= Pythia's Oasis =

Cold seep off the coast of Oregon

Pythia's Oasis is a cold seep on the ocean floor 50 miles off the coast of Newport, Oregon, United States, characterized by a focused stream of highly altered fluid that is approximately 9 C-change above normal ocean background temperature. Early results indicate "elevated flow rates" sustained for about 1,500 years.

The properties of the seep are unique for the Cascadia region and include extreme enrichment of boron and lithium and depletion of chloride, potassium, and magnesium.

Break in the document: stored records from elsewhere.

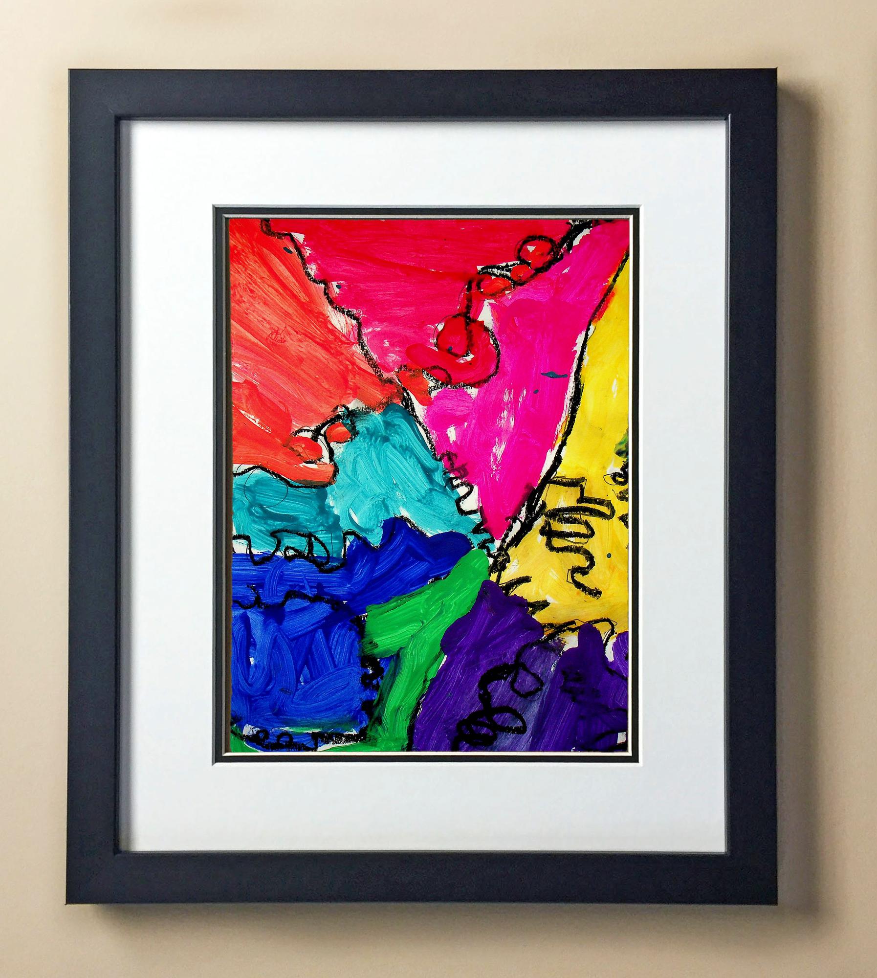 Included with the purchase is the Students Artwork, Frame, double matboard, shatter proof plexiglass, and a ready to hang backerboard with turnbuttons
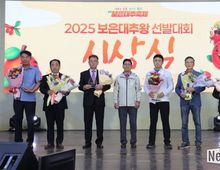 뉴스다 최광묵 기자 | 보은군은 17일 2025 보은대추축제 주무대에서 올해의‘보은 대추왕’시상식을 열었다. 군에 따르면 13일 농업기술센터에서 진행된 보은 대추왕 선발심사에서 속리산면 나기환 씨의 대추를 올해 최고 품질의 대추로 선정했다. 올해 대추왕 선발대회는 읍·면에서 추천된 13개 농가를 대상으로 대추연합회, 산림조합, 관계 공무원 등 5명이 심사위원으로 참여해 진행됐다. 심사는 1차 과원 평가와 2차 출품 생대추의 크기·무게·당도·색택 등 계측 및 외관 평가를 통해 이뤄졌으며, 그 결과 대추왕 1농가, 우수상 2농가, 장려상 3농가가 선정됐다. 이상기온으로 대추가 늦게 익는 등 농가들이 어려움을 겪는 상황에서도, 나기환 씨가 출품한 대추는 33브릭스의 높은 당도와 38mm의 크기를 자랑했으며 색택과 균일도 등에서도 높은 점수를 받아 최종적으로 ‘최고의 대추’로 인정받았다. 수상자는 △대추왕(1명) 나기환(속리산면) △우수상(2명) 서주석(회인면), 윤종문(보은읍) △장려상(3명) 김춘근(내북면), 백종도(내북변), 한권석(보은읍) 등이 차지했다. 이번 보은 대추왕 선발대회에
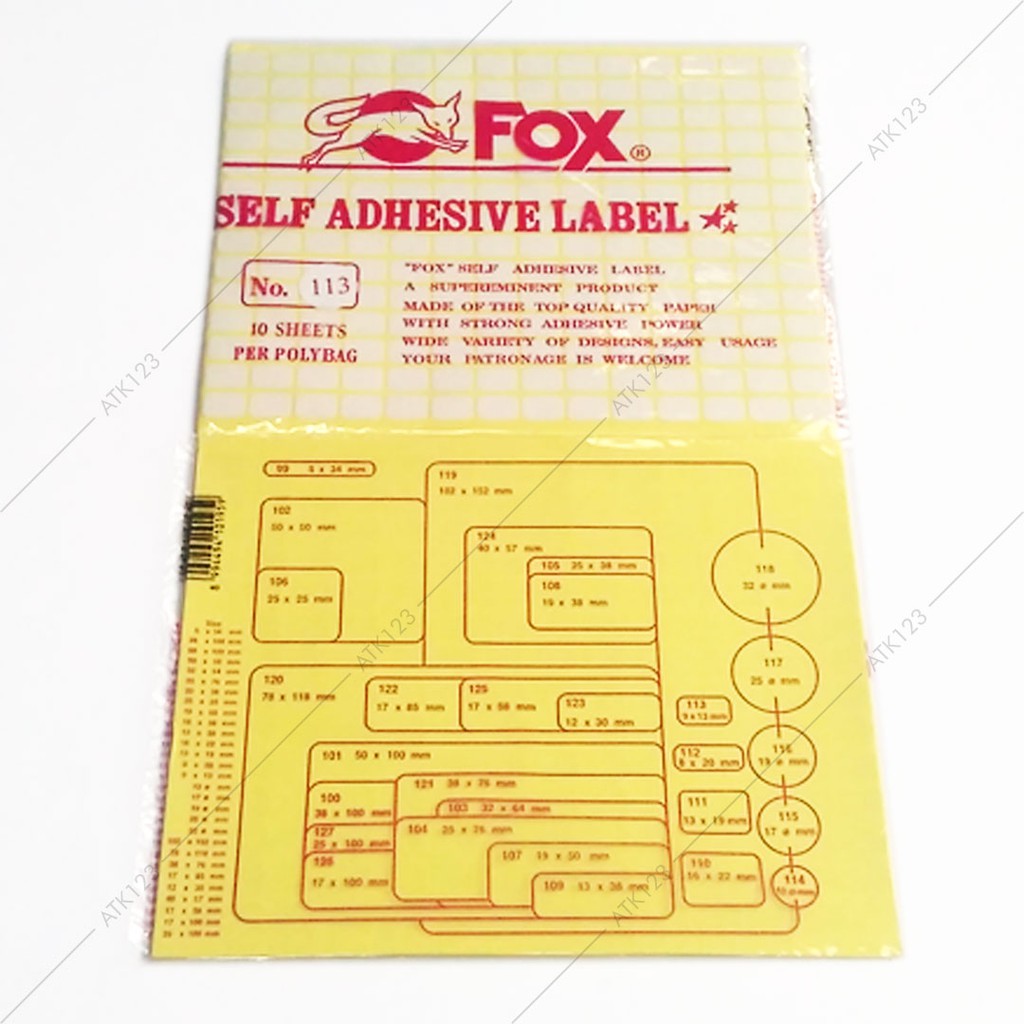 Kertas / Label Stiker Fox No. 113 uk. 9 x 13 mm (Persegi Panjang)

The team discovered that the fluid was originating 2.5 mi beneath the seafloor from the Cascadian megathrust, effectively regulating stress on the offshore fault.

== History ==
The site was discovered in 2015 by Brendan Philip, a University of Washington graduate who was tracking methane bubbles on the edge of the continental shelf, in which he used the remotely operated underwater vehicle ROPOS to collect samples for testing. The team described it as a "spring of low-salinity, high-temperature, mineral-rich water." The area is thriving with life, including rockfish, eelpout, hagfish, sea anemones, sea cucumbers, crabs, snails, soft corals, and clams.

It gained increased attention in 2023 following speculation that the site could contribute to a magnitude-9.0 earthquake.